And yet, despite these amazing feats, his negative reputation remains. The clever Talleyrand, certainly. But more importantly, the man who stood for nothing- who changed his opinions and advice to suit his masters, who was just as happy serving the good king as the ambitious conqueror. The man who who was only out for himself and his own survival- oh, remarkably good at it, one must give him that, but still, not one that anyone, in fact, from any faction would trust farther than they could throw him.

But why? Surely whatever faults he may have had, his accomplishments and many years of government service (and remember this is centralized France we speak of) must outweigh them. You would think this would especially be the case as passions faded and the practical results of his work became more evident, especially as his memoirs were released and the Second Empire came to a close, that it would be time for the revisionist biography. But, as of 1932, that had not occurred.

Cooper’s reasoning for writing this biography lies there. At one point in this biography, Cooper reminds us of the politics of historians in France. At least into the early 20th century, they tended to fall into one of three camps- Republican, Royalist and Bonapartist. Perhaps even more so than most countries, the story of France’s 18th and 19th century history depends on where your sympathies lie- whether we can hear tears over the wheels of the tumbrils or only the iron march of justice or perhaps only a faraway prophecy of the Savior to Come.
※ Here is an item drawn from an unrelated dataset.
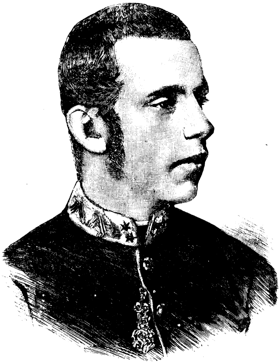
L'ARCHIDUC RODOLPHE, PRINCE ROYAL D'AUTRICHE

Talleyrand was the firm disciple of none of these camps and thus, points out Cooper, he has not “yet found his defender in France.” Duff Cooper, a diplomat, politician and historian himself, takes up his sword here to become his defender in their place with what seems to me to be a great deal of sympathy towards one that I believe he considered a colleague of sorts that he had a right to analyze like he would analyze the work of any other counterpart, based on his own experience in the field. (I would like to do him the credit of saying that Cooper states his bias straight out as he remarks that he is “an Englishman who believes that Talleyrand was a true patriot and a wise statesman to whom neither contemporaries nor posterity has done justice”.)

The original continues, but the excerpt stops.